There are many good grounds for criticizing Fanon, but since few reviewers seem capable of even approaching those matters, a more basic commentary seemed necessary.

The authority on Colonialism5
Fanon is among the few thinkers who successfully wrote about emerging post-colonial nation-states. Many prefer to delve into the psychological implications of his work but I would rather view it as a warning againt the new tyranny that has its roots in the national struggle. Indeed, many nationalist movements became the new proxy for the departing colonial power thus ignoring the fact that fighters do not by default make good politicans. The dicourse of national struggle became the harbinger of the national dictatorship despite the evidence pointing to the outskirts and villages as being the impetus behind the drive for independence and not the educated classes as many claimed. I am not claiming that national struggle is bad but it has to be viewd objectively and its role must therefore end with independence to allow for genuine restructuring or else a political neo-imperialism emerges to replace direct military colonization. In both cases the winner is the colonizer who has returned in the form of the new nationl government mainly those who were educated in the West during colonization.

Must Read5
This is a very useful book to anybody interested in understanding colonialism and its effects in Africa. Colonialism was a military project, and Fanon explained that clearly. Fanon does not shy away from suggesting the use of force, if necessary, to achieved freedom. But this book is not about the use of force/violence to achieve freedom, and should not be regarded as such. It is a book that explains western attitudes towards the colonized world, their willingness to use violence, their assault on African culture, and the curruption of African leaders after independence. Do not forget that independence came to Africa, after the French, the British and Belgians were given a clear warning about the fate that was awaiting them in other parts of Africa by the FLN (in Algeria), the MAU MAU movement (in Kenya), and the very aggressive movement for indepence in the Congo and Ghana. Europe was distoryed after World War II, and their armies could no longer sustain their military projects in Africa. This vulnerability was exploited by African leaders.
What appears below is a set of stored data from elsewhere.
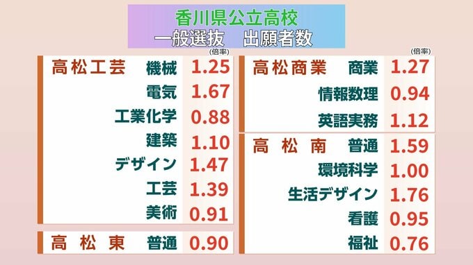 【2026年度】香川県公立高校「一般入試選抜 競争率」は?高松1.06倍・高松南(普通)1.59倍・坂出工(機械)1.80倍【30校全倍率掲載】 RSK山陽放送 2026年2月17日(火) 19:00 国内 高松工芸、高松商業、高松東、高松南 【画像一覧】香川県公立高校 一般選抜出願者数 高松工芸の電気・デザインは高倍率、高松南の普通も1.59倍と高倍率となっています。
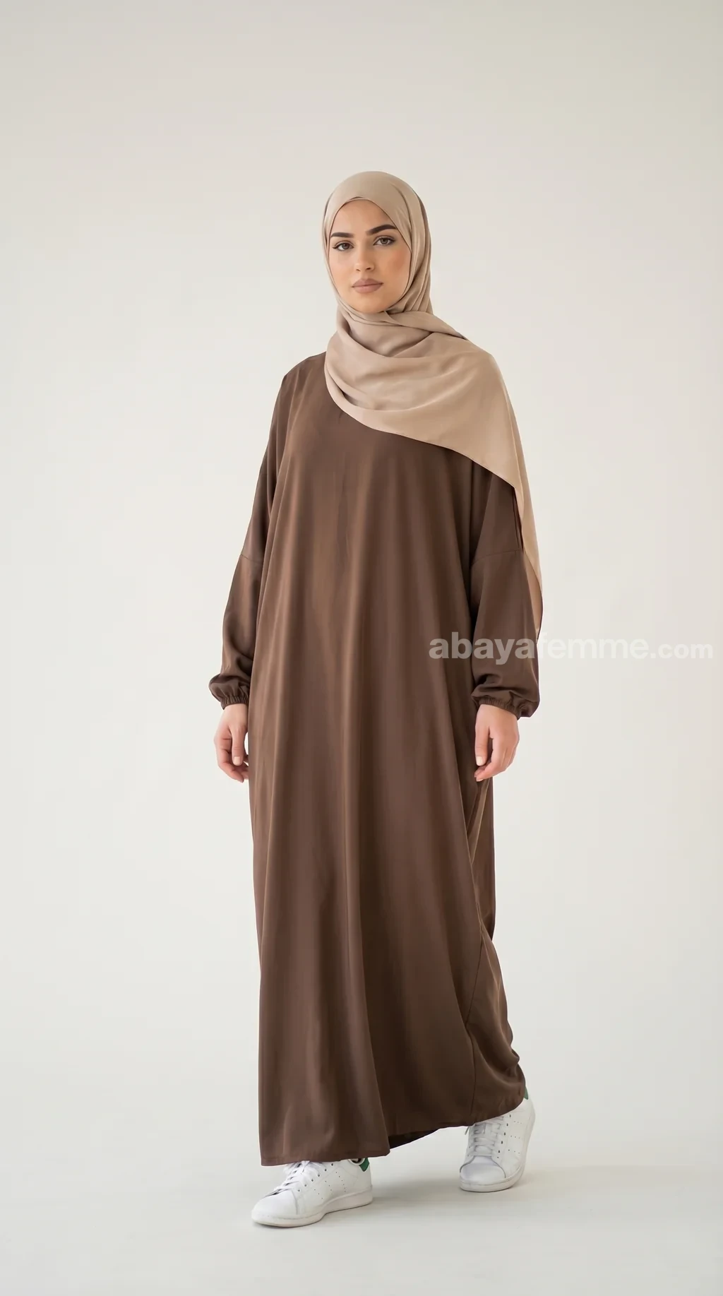 Au-delà de son prix très accessible, cette robe longue modeste incarne la quintessence du chic minimaliste. La teinte marron, chaude et réconfortante, s’inscrit parfaitement dans les tendances actuelles tout en restant un classique indémodable. La soie de Médine, matière noble par excellence dans la mode modeste, vous garantit une opacité totale sans sacrifier la légèreté. Que vous cherchiez une tenue pour vos prières, pour l’école ou pour une sortie habillée, elle enveloppe votre silhouette avec grâce et dignité.
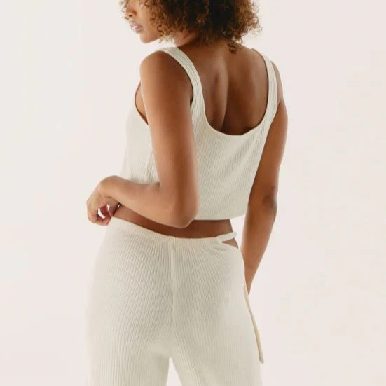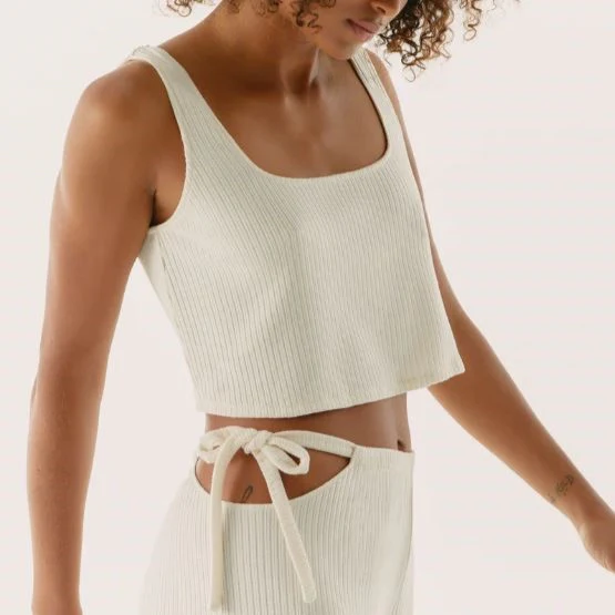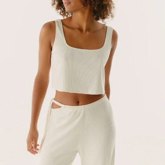 Top droit et court homewear aussi cool que comfy. On aime sa maille douce, à rayures texturées. A faire matcher avec notre pantalon Night Lines
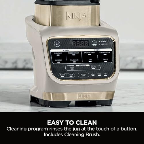 Ninja Foodi Blender & Soup Maker, 10 Auto-iQ Programs, 1.7L Glass Jug, Hot & Cold Blender, Built-In Heating Element, Tamper, Cleaning Program & Brush, 1000W, Stone Gold, HB150UKSTGD

That is why they failed in maintaining direct colonial control of their former colonies. When you ready this excellent material, you will appreciate Fanon's foresight:-his warning to Africans(and every colonized country)to take their destiny into their own hands: saying that every generation must out of relative obscurity, find its mission, fulfill it or betray it. A warning that most Africans ignored after independence. To anybody interested in the works of people like Dr. Walter Rodney, Aime Cesaire, Chinua Achebe, Wole Soyinka, and Basil Davidson, this book is a "Must Read". Please read other Fanon material: Toward African Revolution, Dying Colonism, Black Skin White Masks. Interesting reading! Every African must read Fanon's books!